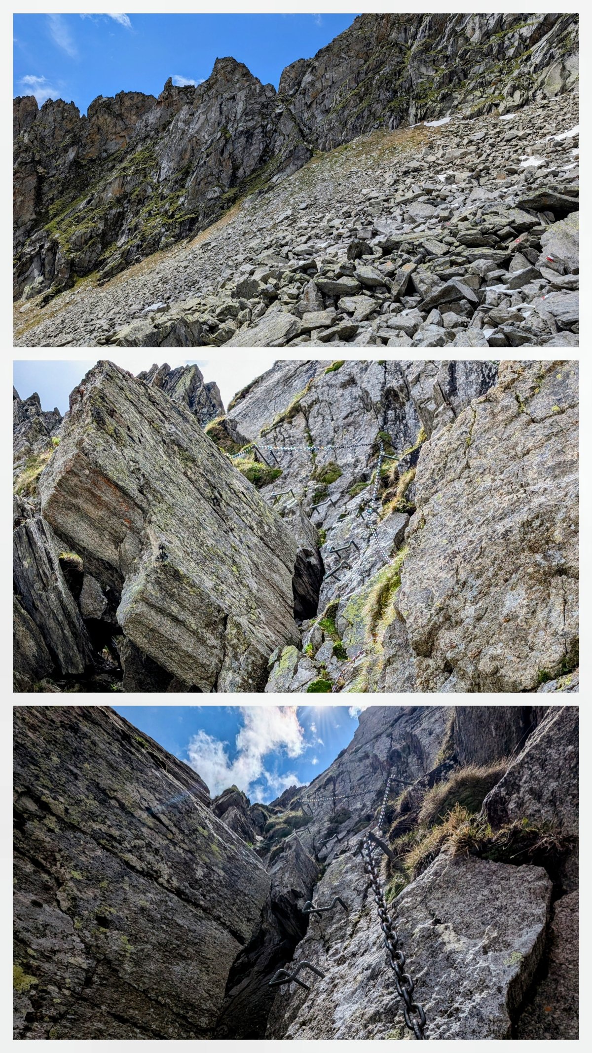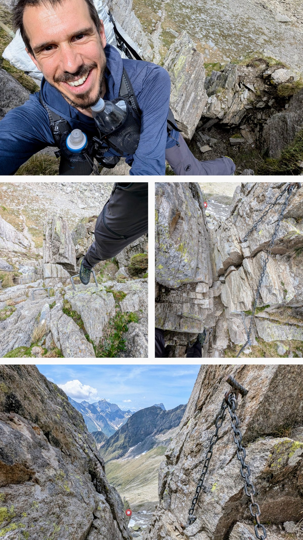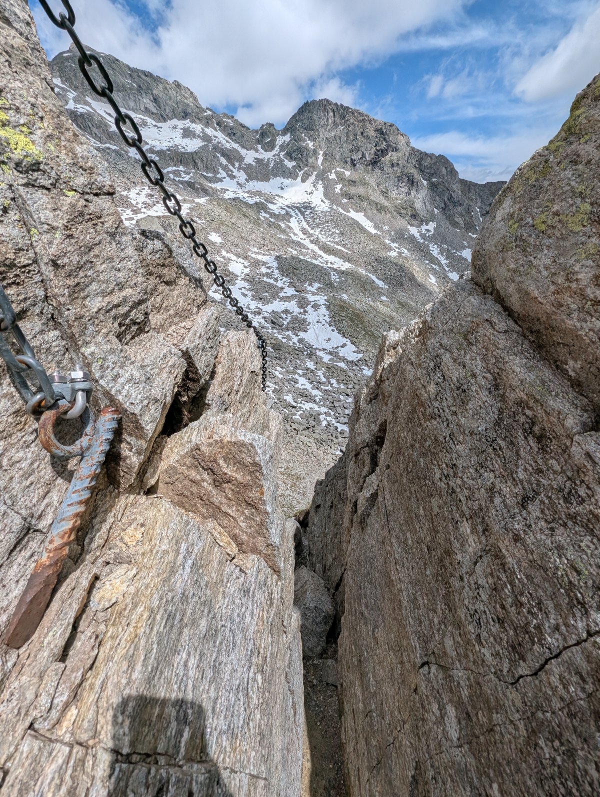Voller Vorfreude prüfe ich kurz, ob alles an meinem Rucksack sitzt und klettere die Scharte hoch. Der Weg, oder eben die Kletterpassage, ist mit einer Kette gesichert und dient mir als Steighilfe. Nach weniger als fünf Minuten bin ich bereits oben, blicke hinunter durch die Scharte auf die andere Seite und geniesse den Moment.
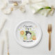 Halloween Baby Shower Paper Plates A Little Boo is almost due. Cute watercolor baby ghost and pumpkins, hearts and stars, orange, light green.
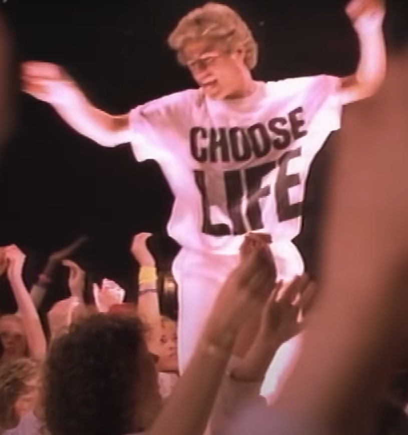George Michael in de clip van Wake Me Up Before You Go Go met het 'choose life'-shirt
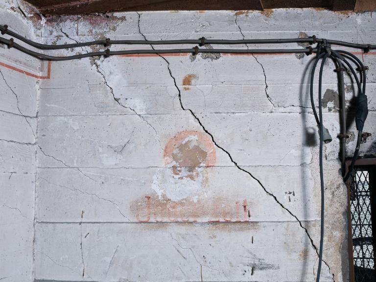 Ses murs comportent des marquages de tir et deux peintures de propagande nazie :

...

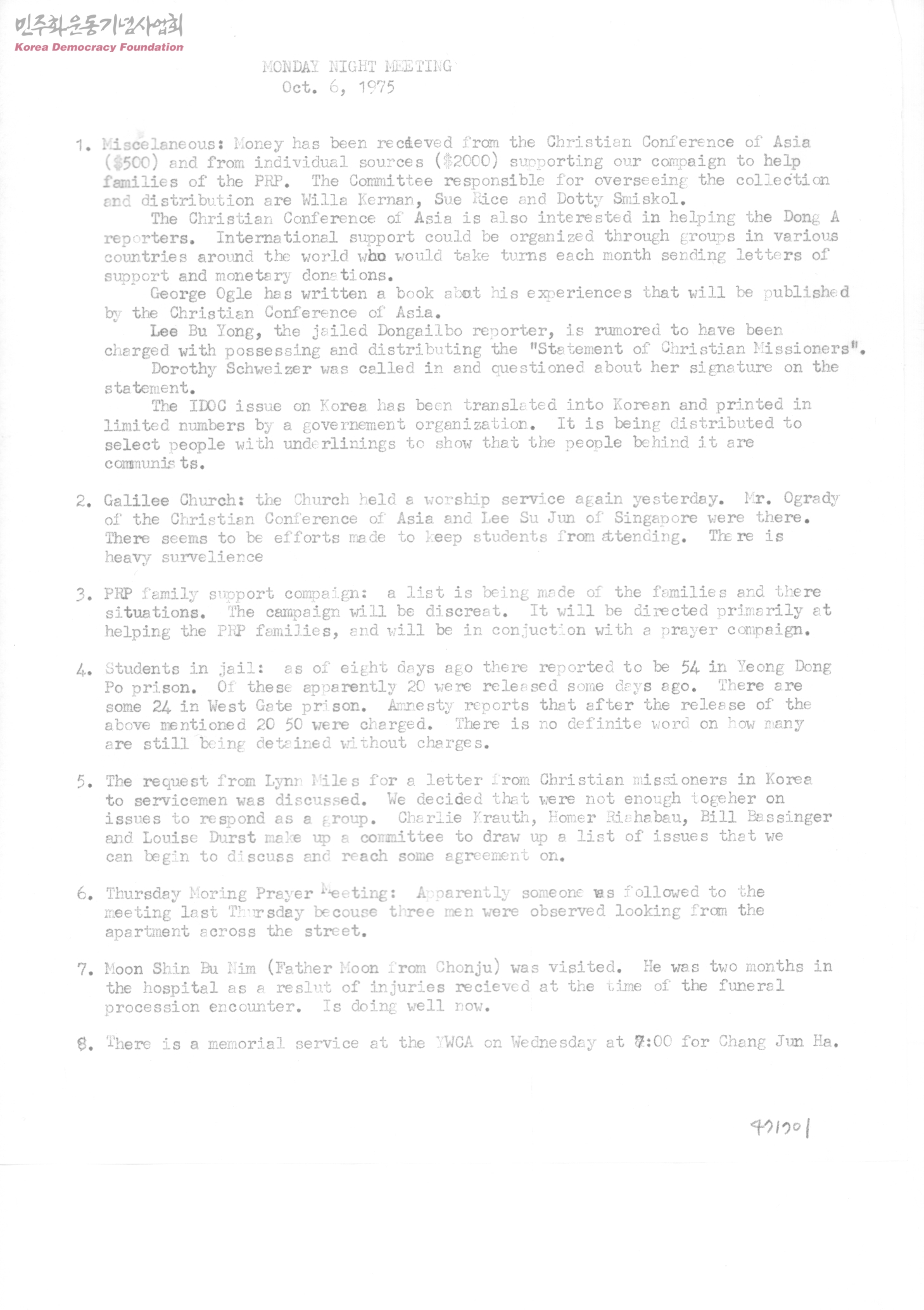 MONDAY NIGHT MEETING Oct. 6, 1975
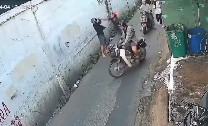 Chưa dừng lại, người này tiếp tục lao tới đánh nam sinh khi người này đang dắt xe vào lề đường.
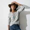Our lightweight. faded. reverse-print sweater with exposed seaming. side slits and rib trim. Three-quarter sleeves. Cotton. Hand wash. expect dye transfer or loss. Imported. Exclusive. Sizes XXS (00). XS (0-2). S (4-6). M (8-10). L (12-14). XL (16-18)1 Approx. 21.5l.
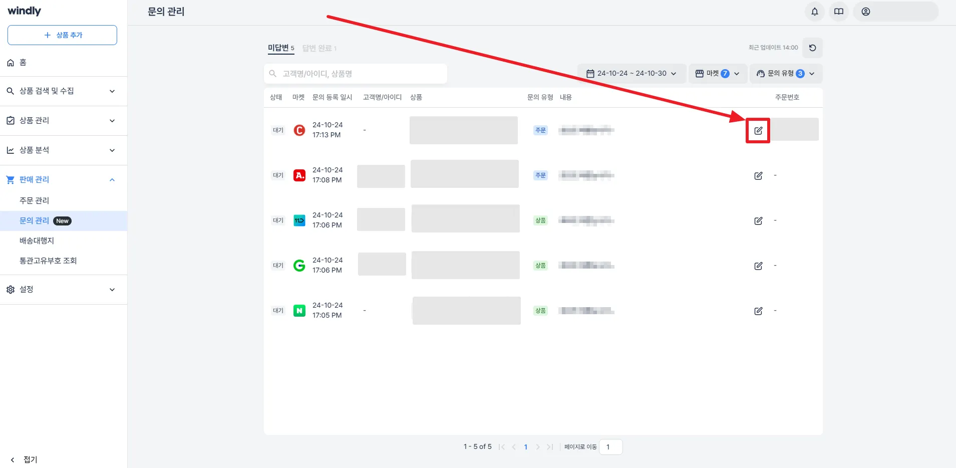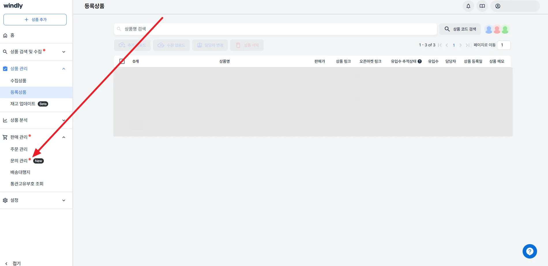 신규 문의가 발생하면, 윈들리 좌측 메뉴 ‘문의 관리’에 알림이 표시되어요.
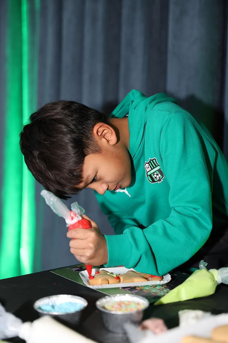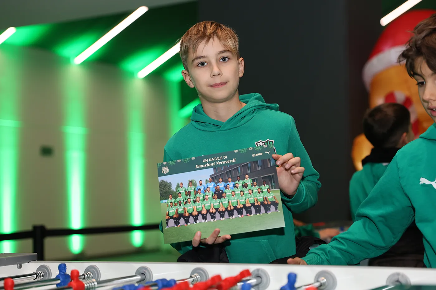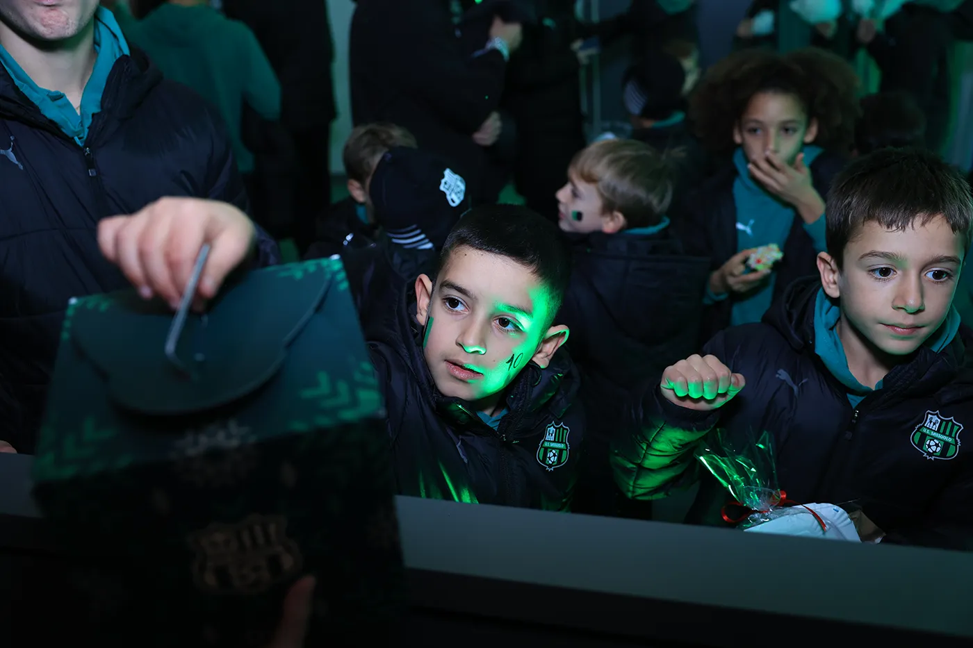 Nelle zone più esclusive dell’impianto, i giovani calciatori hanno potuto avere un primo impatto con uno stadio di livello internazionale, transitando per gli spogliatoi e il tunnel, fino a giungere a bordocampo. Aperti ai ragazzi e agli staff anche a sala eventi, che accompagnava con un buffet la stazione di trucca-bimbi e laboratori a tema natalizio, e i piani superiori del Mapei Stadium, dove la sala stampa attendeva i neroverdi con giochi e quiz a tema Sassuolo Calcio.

About this exercise
Word for word, retype the lines in the entries above that run from the one with "George Michael in" through the one with "Ses murs comportent". Both ends count; pictures do not.

Reply to the exercise
George Michael in de clip van Wake Me Up Before You Go Go met het 'choose life'-shirt
 Ses murs comportent des marquages de tir et deux peintures de propagande nazie :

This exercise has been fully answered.